This is an interesting and entertaining article, a bit long but worth reading. I’m not sure that Lewis completely understands some of the concepts here (or maybe I don’t understand them), and I think that he overpersonalizes his discussion by framing it as a narrative about mostly one person, which I suppose comes with the territory in journalism. It’s still quite a good article, however.
The central problem with pricing disaster risk is that disasters are by definition infrequent events, and there aren’t enough data to calculate odds with a high degree of confidence. It’s like the global-warming issue. We don’t have 100,000 years of accurate data, so instead we (that is, the better risk-modelers) take accurate data from the past few decades, estimate the rest, estimate worst-case costs for particular disasters (not that hard to do), and perform Monte Carlo simulations to estimate the odds of high-cost outcomes. If you do this carefully you can generate useful estimates.
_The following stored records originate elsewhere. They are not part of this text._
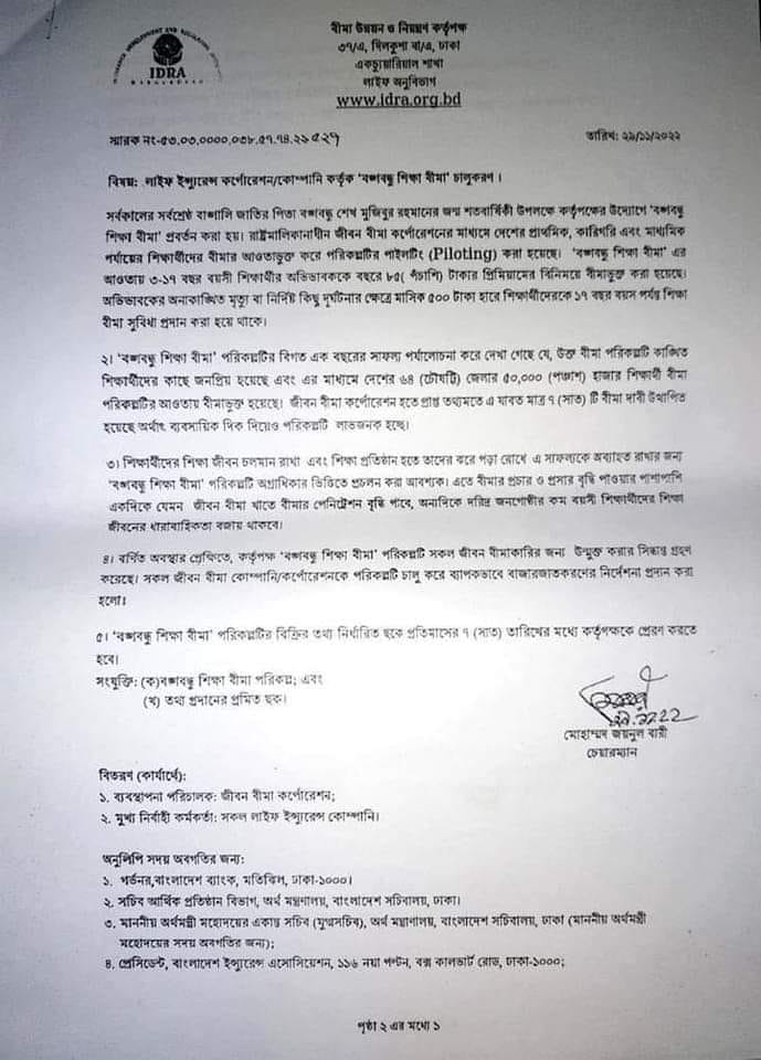 বঙ্গবন্ধু শিক্ষা বীমা পাইলটিং শেষে সারা দেশে চালুর পরিকল্পনা নিয়েছে বীমা উন্নয়ন ও নিয়ন্ত্রণ কর্তৃপক্ষ – আপনার সন্তানের শিক্ষা সুনিশ্চিত করতে এ বীমাটি করুন– বঙ্গবন্ধু শিক্ষা বীমা ২০২২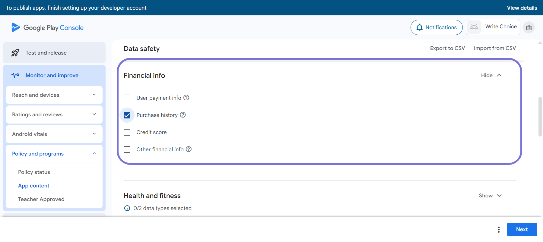 When creating your Data Safety declaration, you must disclose that your app collects Purchase history information from the Data types section in Google Play Console.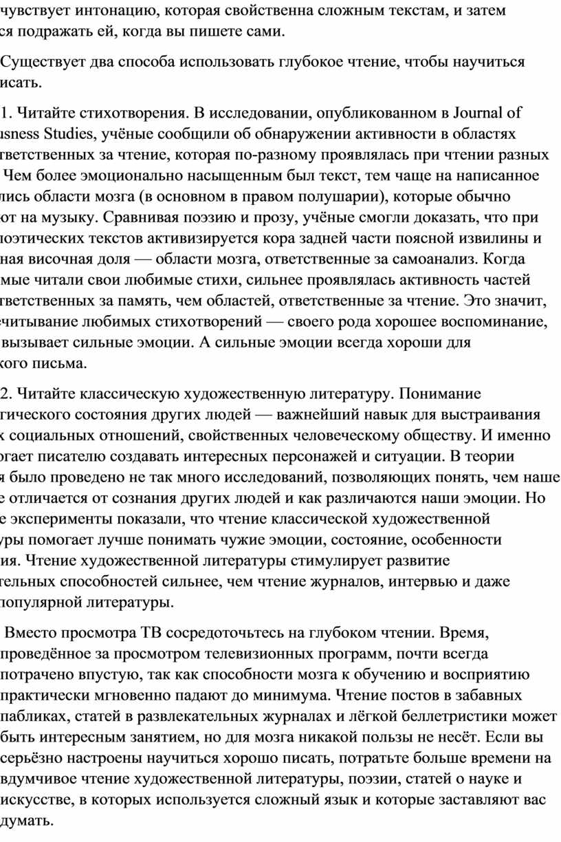 Разница между глубоким и поверхностным чтением. Глубокое чтение — это медленное, вдумчивое чтение текстов со сложными моральными вопросами, которое отличается от поверхностного чтения не только узнаванием новых слов. Глубокое чтение возможно, только если у вас есть текст, в котором много деталей, аллюзий, метафор. Тогда в мозге читающего активируются те же области, которые задействованы при переживании нового опыта. Кроме того, глубокое чтение способствует увеличению эмпатии, умению сопереживать. Читатель, глубже погружаясь в прочитанное, начинает рефлексировать, анализировать и примерять прочитанное на себя и свой опыт. Также во время чтения человек подмечает, что именно — авторские приёмы, стилевые особенности, построение сюжета — делает книгу увлекательной и уникальной, а значит, учится писать на более серьёзном уровне. Поверхностное чтение — это тексты, которые вы можете найти в онлайн-блогах или на развлекательных сайтах (особенно статьи со списками и жёлтыми заголовками). Таким текстам не хватает оригинального стиля, собственной точки зрения и анализа, которые могли бы стимулировать мысль. Это лёгкие короткие тексты, по которым вы быстро скользите глазами и забываете через несколько минут. Глубокое чтение синхронизирует работу отделов мозга. Глубокое чтение включает в работу отделы мозга, ответственные за зрение, слух и речь. При чтении и письме активизируются следующие мозговые центры: Центр Брока: позволяет воспринимать ритм и синтаксис, помогает объединять отдельные речевые движения в единый речевой акт. Область Вернике: влияет на восприятие отдельных слов и смысла в общем. Угловая извилина: ответственна за восприятие и использование языка. Эти центры соединены между собой группой волокон, которые, по-видимому, помогают писателю связывать и синхронизировать язык с ритмом. При чтении ваш мозг чувствует интонацию, которая свойственна сложным текстам, и затем стремится подражать ей, когда вы пишете сами.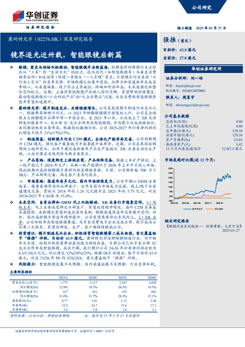 康耐特光学作为镜片制造行业的领军企业,凭借其在传统主业的深厚积累和对智能眼镜新赛道的积极布局,展现出强劲的增长潜力和广阔的未来空间。公司通过创新的C2M模式提升运营效率和客户粘性,全球化产能布局应对市场变化,并与上游供应商及头部3C企业深度合作,构建了坚实的竞争壁垒。随着智能眼镜市场迎来渗透率拐点,以及国内高折镜片渗透率的持续提升,康耐特光学有望实现传统业务的结构升级和新业务的爆发式增长。华创证券首次覆盖给予“强推”评级,目标价43.9港元,看好公司在视光主业和智能眼镜领域的双轮驱动发展。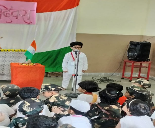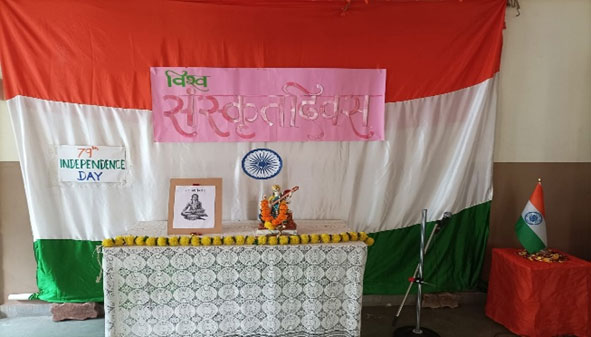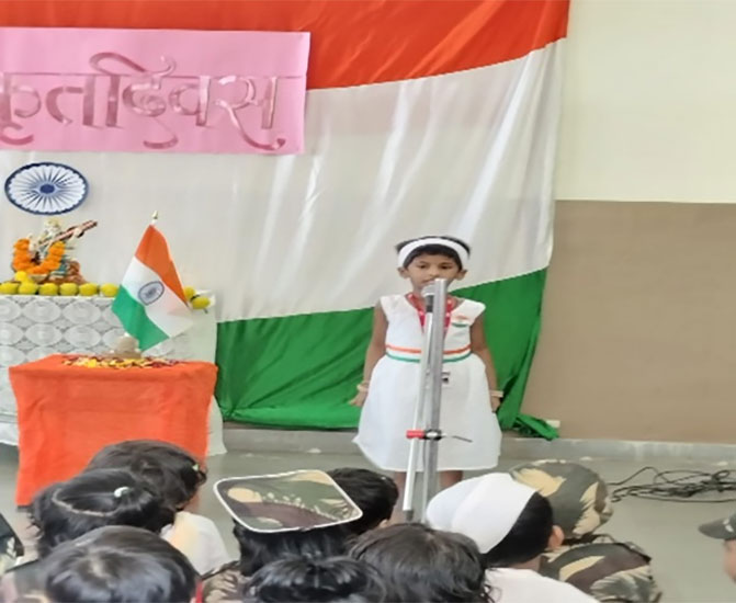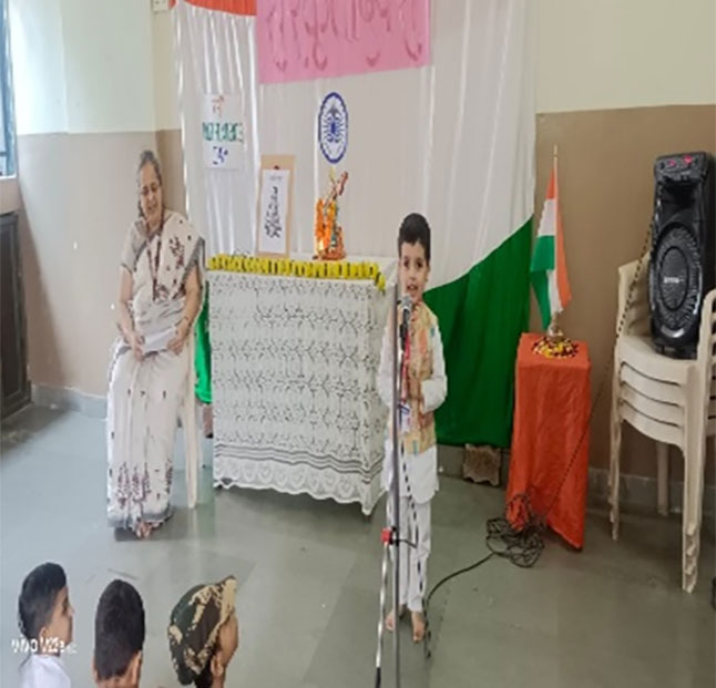 Sanskrit Day was celebrated with great enthusiasm in KG section of our school on 14th August 25. The objective of the program was to introduce the young learners to the beauty of the ancient language and to create an early interest in India’s cultural heritage. The celebration began with the worshiping of saraswati and chanting of simple sanskrit shlokas such as” Ya kundedu tusharhar dhavla”. The little children repeated them with devotion and joy creating a divine atmosphere.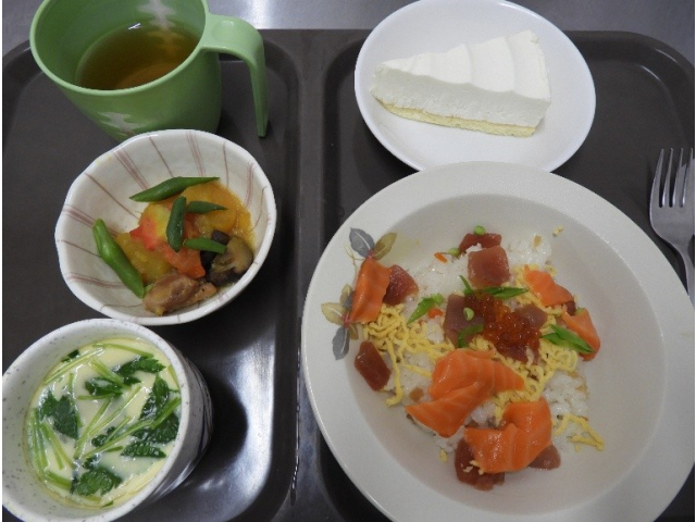今回の誕生会メニューは海鮮チラシ、秋の炊き合わせ、茶わん蒸し、レアチーズケーキでした。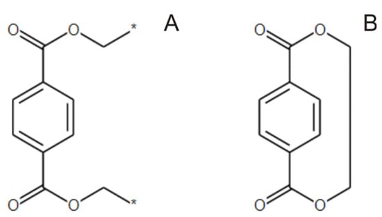 (A) PET (unable to calculate standard InChIKey for this structure). (B) Results in transformation of PET to the cyclic structure before standard InChIkey calculation (InChIkey = MMINFSMURORWKH-UHFFFAOYSA-N).

Apparently, these techniques, which are common in finance, were applied to disaster modeling only quite recently. This happened because insurers were underpricing policies based on a few decades of quiet weather (anchoring bias), got blasted with huge claims after Hurricanes Andrew in 1992 and Katrina in 2005, and were forced to update their methods. Lewis’s hero is a quant who has been highly successful in pricing risk in the (fat?) tails of disaster-probability distributions and appears to be more street smart about trading than Lewis’s initial description of him suggests.
Check out Lewis’s piece if you are at all interested in finance or risk modeling.